* _WHAT IS EXPECTED_
The required output is the stretch from the line containing "A termék a következő" through the line containing "上久木田 波風さんを姓名の画数から五運を鑑定" in the records below, unaltered and with no pictures.

* _INFORMATION GIVEN_
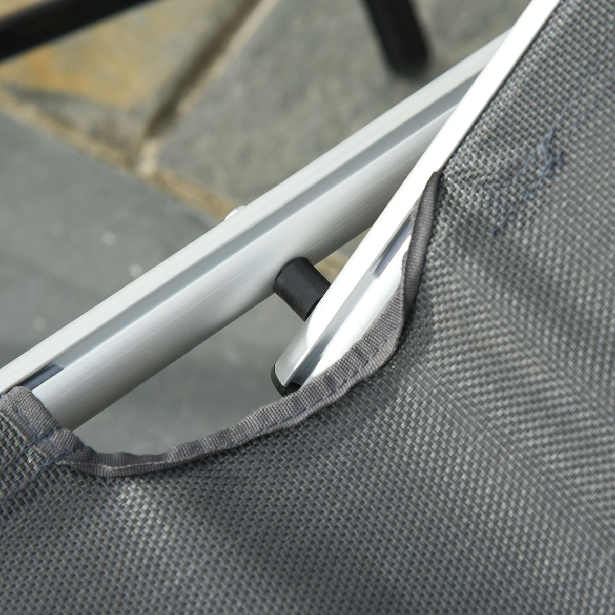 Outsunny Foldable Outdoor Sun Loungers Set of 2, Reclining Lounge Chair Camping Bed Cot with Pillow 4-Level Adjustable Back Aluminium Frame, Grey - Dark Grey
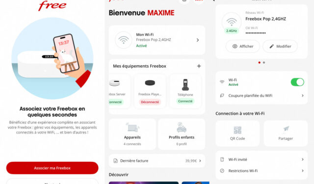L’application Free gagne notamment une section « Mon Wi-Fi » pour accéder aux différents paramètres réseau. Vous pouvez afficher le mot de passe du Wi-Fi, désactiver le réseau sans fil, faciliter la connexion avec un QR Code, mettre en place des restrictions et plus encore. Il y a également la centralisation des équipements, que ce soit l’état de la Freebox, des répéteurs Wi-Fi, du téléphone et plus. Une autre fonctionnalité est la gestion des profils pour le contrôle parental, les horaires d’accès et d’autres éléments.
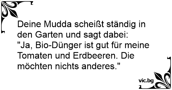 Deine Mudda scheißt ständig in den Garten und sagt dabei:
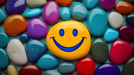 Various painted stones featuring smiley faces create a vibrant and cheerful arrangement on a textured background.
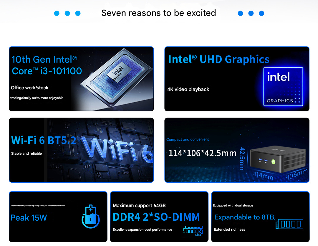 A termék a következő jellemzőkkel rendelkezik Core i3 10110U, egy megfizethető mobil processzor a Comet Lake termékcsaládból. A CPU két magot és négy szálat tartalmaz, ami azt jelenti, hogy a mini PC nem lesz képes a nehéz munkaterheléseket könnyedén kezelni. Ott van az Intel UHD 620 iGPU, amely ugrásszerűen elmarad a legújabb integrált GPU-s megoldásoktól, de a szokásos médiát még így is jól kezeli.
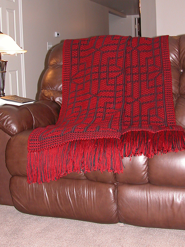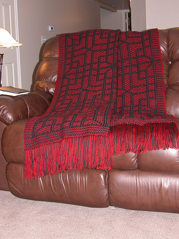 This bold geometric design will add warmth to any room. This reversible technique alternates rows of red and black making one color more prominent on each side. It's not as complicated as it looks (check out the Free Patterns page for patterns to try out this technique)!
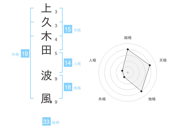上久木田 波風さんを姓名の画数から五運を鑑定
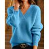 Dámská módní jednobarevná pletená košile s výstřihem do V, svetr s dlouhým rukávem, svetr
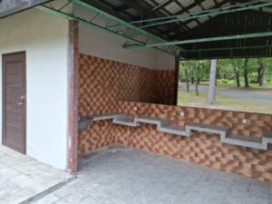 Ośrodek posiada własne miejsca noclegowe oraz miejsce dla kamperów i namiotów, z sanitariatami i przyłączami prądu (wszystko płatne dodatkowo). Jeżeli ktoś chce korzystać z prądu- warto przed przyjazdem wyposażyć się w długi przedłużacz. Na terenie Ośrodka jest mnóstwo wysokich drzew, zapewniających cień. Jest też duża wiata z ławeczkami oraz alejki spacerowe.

* _COMPLETED EXERCISE_
 A termék a következő jellemzőkkel rendelkezik Core i3 10110U, egy megfizethető mobil processzor a Comet Lake termékcsaládból. A CPU két magot és négy szálat tartalmaz, ami azt jelenti, hogy a mini PC nem lesz képes a nehéz munkaterheléseket könnyedén kezelni. Ott van az Intel UHD 620 iGPU, amely ugrásszerűen elmarad a legújabb integrált GPU-s megoldásoktól, de a szokásos médiát még így is jól kezeli.
 This bold geometric design will add warmth to any room. This reversible technique alternates rows of red and black making one color more prominent on each side. It's not as complicated as it looks (check out the Free Patterns page for patterns to try out this technique)!
上久木田 波風さんを姓名の画数から五運を鑑定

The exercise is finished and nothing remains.